Segment Start: Exercise data

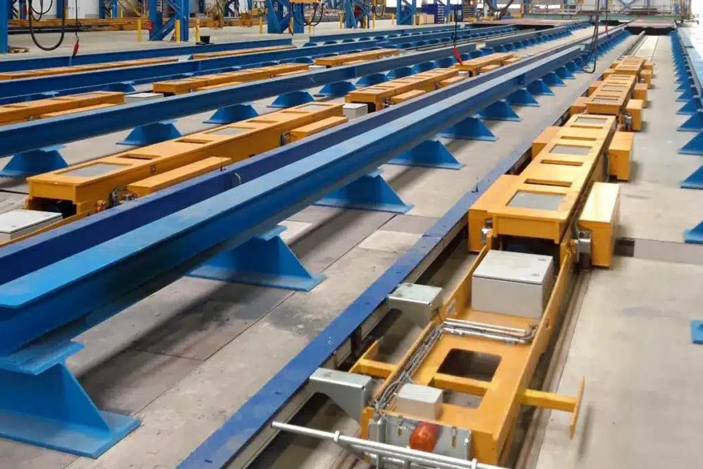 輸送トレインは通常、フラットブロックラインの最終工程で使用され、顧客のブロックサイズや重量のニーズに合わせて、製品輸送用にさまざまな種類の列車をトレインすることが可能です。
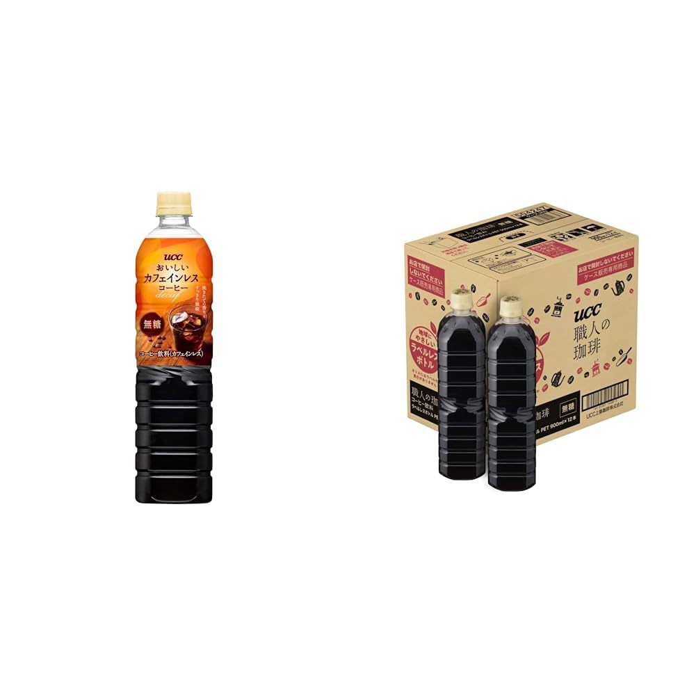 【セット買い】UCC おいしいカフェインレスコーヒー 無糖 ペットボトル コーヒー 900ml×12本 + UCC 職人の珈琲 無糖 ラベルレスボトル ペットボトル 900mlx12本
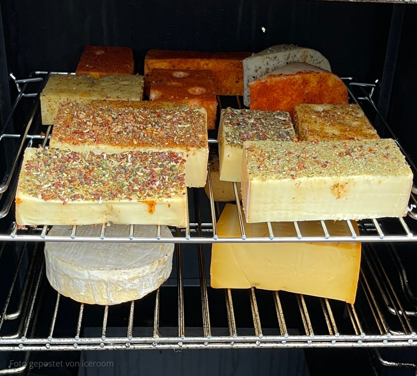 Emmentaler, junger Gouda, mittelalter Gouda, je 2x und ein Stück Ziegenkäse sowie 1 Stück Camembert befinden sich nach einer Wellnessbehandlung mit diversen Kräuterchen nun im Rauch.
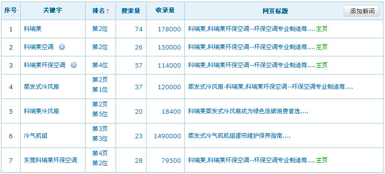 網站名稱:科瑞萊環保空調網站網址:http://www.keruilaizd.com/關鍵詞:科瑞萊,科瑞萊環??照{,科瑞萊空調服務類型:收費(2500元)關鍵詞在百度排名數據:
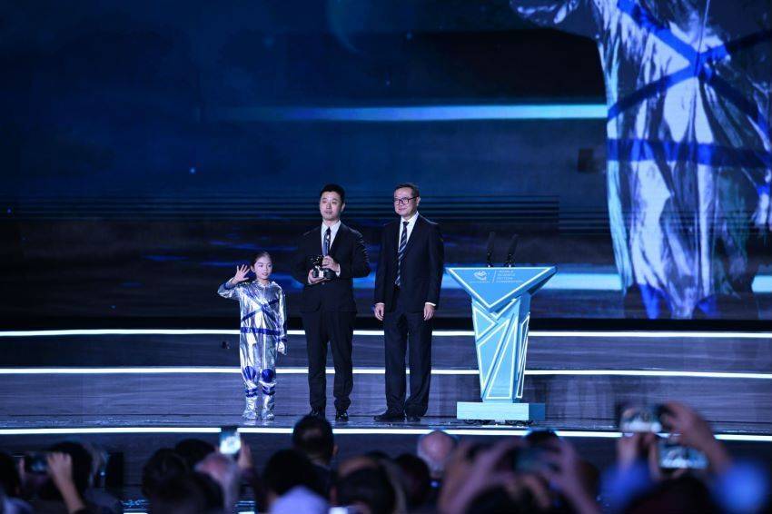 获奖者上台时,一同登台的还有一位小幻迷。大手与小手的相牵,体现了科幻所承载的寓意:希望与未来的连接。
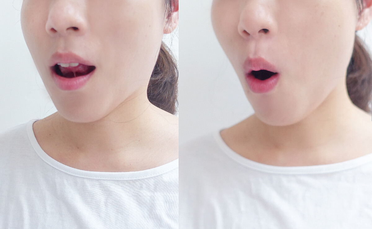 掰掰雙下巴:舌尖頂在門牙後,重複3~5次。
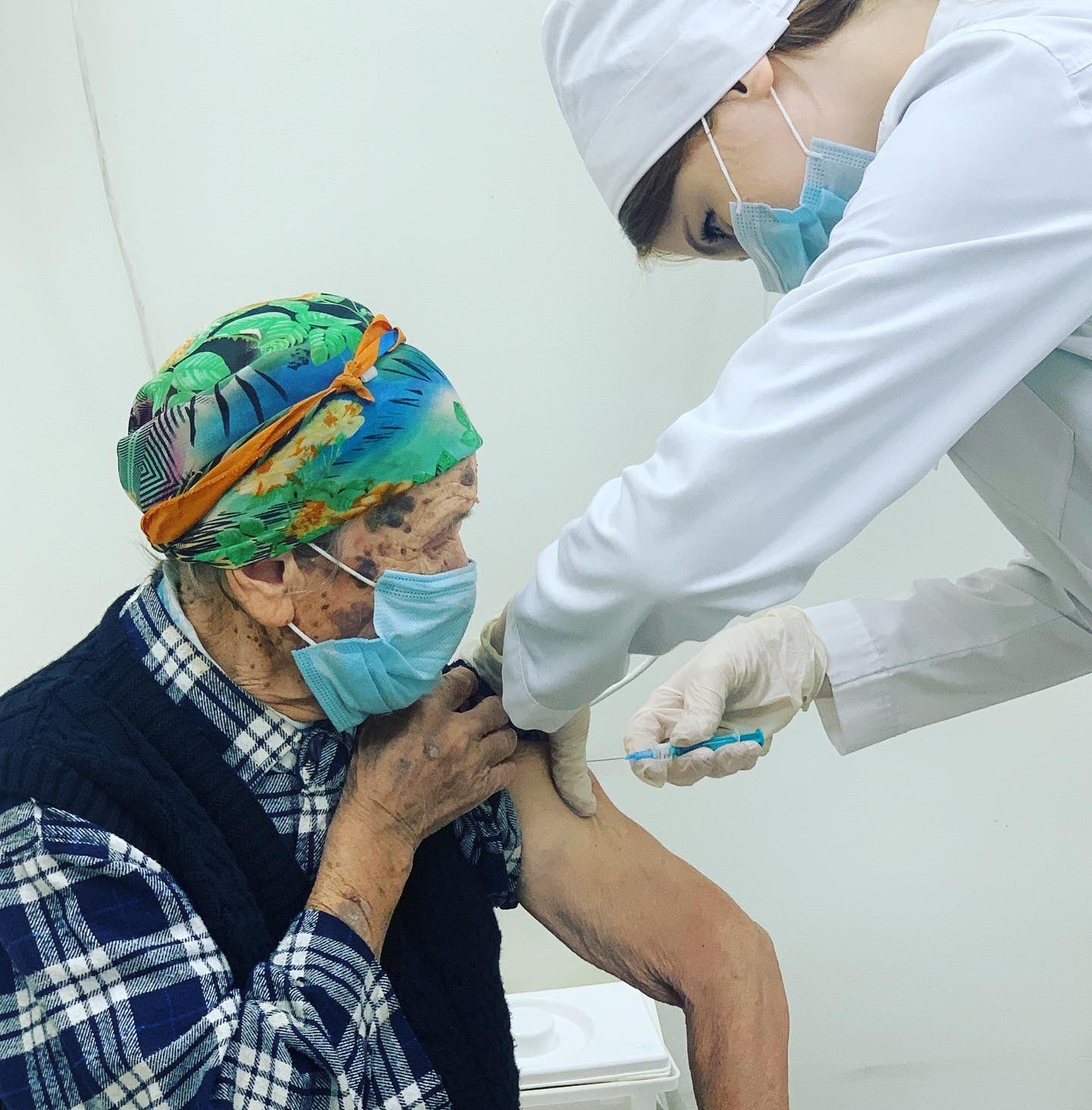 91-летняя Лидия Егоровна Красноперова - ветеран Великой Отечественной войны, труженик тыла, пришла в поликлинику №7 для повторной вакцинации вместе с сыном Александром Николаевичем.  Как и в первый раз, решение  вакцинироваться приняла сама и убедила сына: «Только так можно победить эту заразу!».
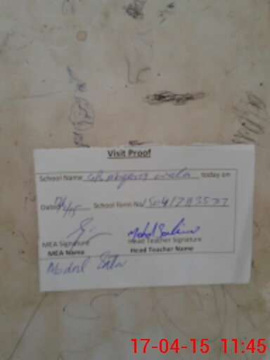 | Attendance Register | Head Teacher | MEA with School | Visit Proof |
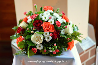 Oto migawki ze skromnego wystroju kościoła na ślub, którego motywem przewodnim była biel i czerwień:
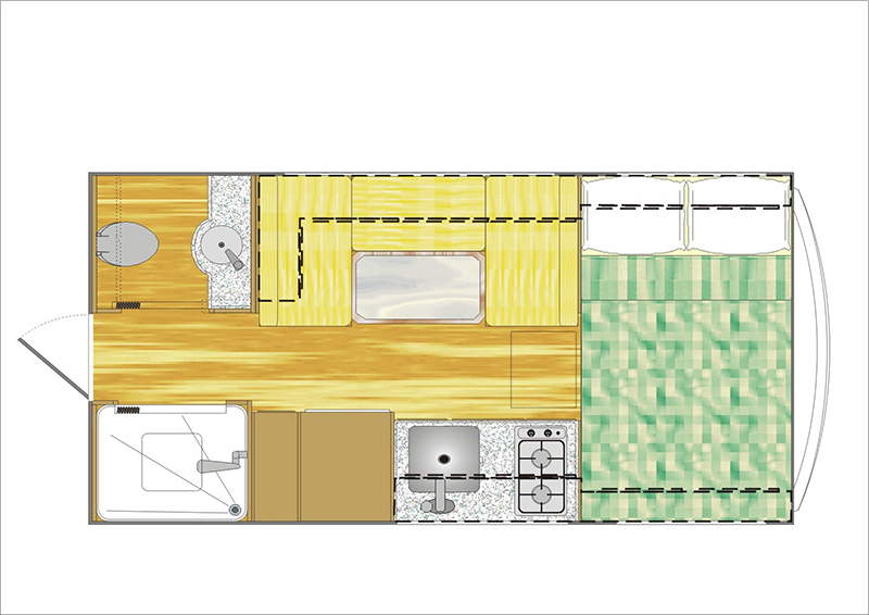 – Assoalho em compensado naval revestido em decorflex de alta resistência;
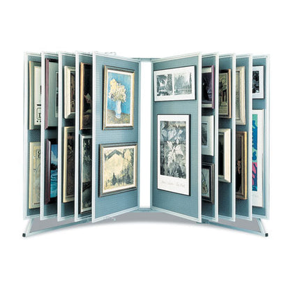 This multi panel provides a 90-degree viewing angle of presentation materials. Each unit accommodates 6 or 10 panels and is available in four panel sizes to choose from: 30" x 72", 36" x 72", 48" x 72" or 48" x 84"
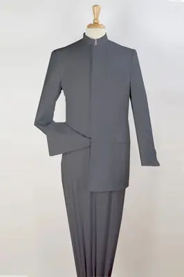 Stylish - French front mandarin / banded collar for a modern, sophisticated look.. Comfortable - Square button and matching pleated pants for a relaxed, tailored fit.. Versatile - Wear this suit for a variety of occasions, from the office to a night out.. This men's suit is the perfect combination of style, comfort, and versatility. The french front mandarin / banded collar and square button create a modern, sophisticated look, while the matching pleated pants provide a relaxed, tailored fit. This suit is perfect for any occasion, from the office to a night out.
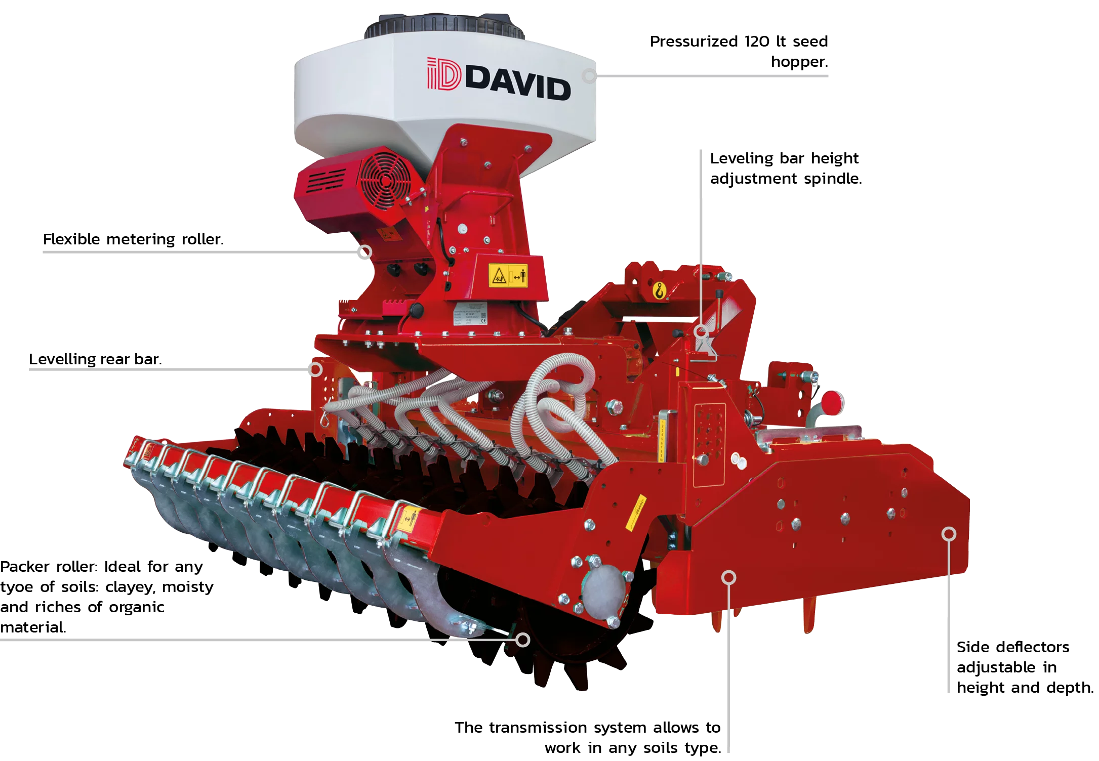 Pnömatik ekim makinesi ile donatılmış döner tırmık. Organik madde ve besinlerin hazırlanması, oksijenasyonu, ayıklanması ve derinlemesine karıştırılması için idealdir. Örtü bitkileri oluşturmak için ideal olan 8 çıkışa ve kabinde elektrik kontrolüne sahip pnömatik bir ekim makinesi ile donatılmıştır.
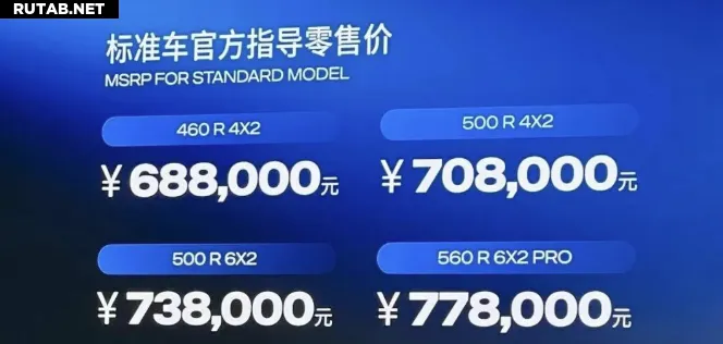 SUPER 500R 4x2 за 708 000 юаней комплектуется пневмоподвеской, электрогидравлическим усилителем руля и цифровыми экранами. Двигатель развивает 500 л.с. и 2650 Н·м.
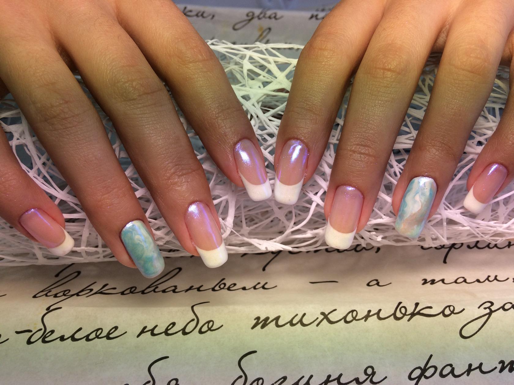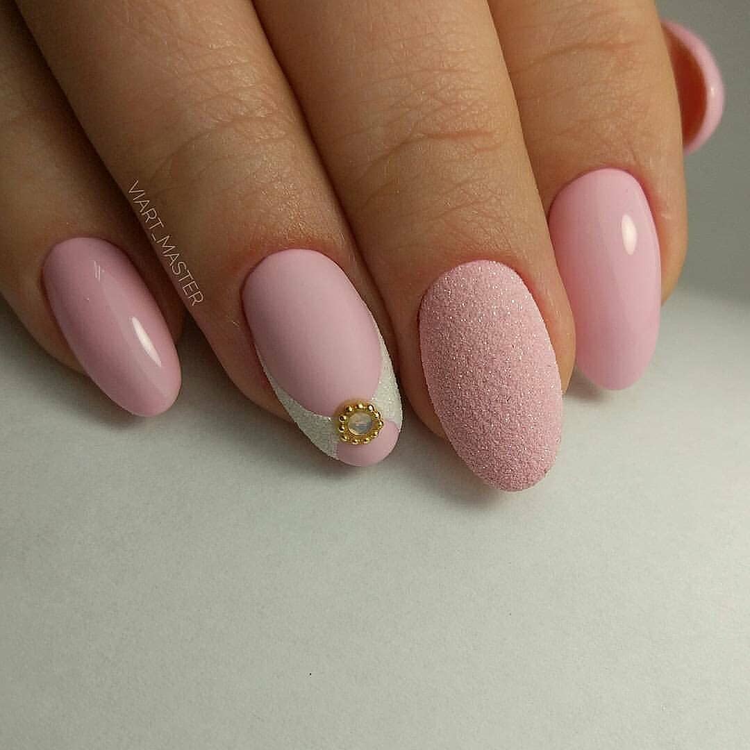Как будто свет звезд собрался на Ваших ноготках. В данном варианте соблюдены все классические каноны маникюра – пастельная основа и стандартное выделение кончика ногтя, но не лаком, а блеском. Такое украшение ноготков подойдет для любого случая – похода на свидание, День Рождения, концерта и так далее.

Segment End: Exercise data

An exact printout of the listing is needed, minus any pictures it contains.

# Exercise result
 輸送トレインは通常、フラットブロックラインの最終工程で使用され、顧客のブロックサイズや重量のニーズに合わせて、製品輸送用にさまざまな種類の列車をトレインすることが可能です。
 【セット買い】UCC おいしいカフェインレスコーヒー 無糖 ペットボトル コーヒー 900ml×12本 + UCC 職人の珈琲 無糖 ラベルレスボトル ペットボトル 900mlx12本
 Emmentaler, junger Gouda, mittelalter Gouda, je 2x und ein Stück Ziegenkäse sowie 1 Stück Camembert befinden sich nach einer Wellnessbehandlung mit diversen Kräuterchen nun im Rauch.
 網站名稱:科瑞萊環保空調網站網址:http://www.keruilaizd.com/關鍵詞:科瑞萊,科瑞萊環??照{,科瑞萊空調服務類型:收費(2500元)關鍵詞在百度排名數據:
 获奖者上台时,一同登台的还有一位小幻迷。大手与小手的相牵,体现了科幻所承载的寓意:希望与未来的连接。
 掰掰雙下巴:舌尖頂在門牙後,重複3~5次。
 91-летняя Лидия Егоровна Красноперова - ветеран Великой Отечественной войны, труженик тыла, пришла в поликлинику №7 для повторной вакцинации вместе с сыном Александром Николаевичем.  Как и в первый раз, решение  вакцинироваться приняла сама и убедила сына: «Только так можно победить эту заразу!».
 | Attendance Register | Head Teacher | MEA with School | Visit Proof |
 Oto migawki ze skromnego wystroju kościoła na ślub, którego motywem przewodnim była biel i czerwień:
 – Assoalho em compensado naval revestido em decorflex de alta resistência;
 This multi panel provides a 90-degree viewing angle of presentation materials. Each unit accommodates 6 or 10 panels and is available in four panel sizes to choose from: 30" x 72", 36" x 72", 48" x 72" or 48" x 84"
 Stylish - French front mandarin / banded collar for a modern, sophisticated look.. Comfortable - Square button and matching pleated pants for a relaxed, tailored fit.. Versatile - Wear this suit for a variety of occasions, from the office to a night out.. This men's suit is the perfect combination of style, comfort, and versatility. The french front mandarin / banded collar and square button create a modern, sophisticated look, while the matching pleated pants provide a relaxed, tailored fit. This suit is perfect for any occasion, from the office to a night out.
 Pnömatik ekim makinesi ile donatılmış döner tırmık. Organik madde ve besinlerin hazırlanması, oksijenasyonu, ayıklanması ve derinlemesine karıştırılması için idealdir. Örtü bitkileri oluşturmak için ideal olan 8 çıkışa ve kabinde elektrik kontrolüne sahip pnömatik bir ekim makinesi ile donatılmıştır.
 SUPER 500R 4x2 за 708 000 юаней комплектуется пневмоподвеской, электрогидравлическим усилителем руля и цифровыми экранами. Двигатель развивает 500 л.с. и 2650 Н·м.
Как будто свет звезд собрался на Ваших ноготках. В данном варианте соблюдены все классические каноны маникюра – пастельная основа и стандартное выделение кончика ногтя, но не лаком, а блеском. Такое украшение ноготков подойдет для любого случая – похода на свидание, День Рождения, концерта и так далее.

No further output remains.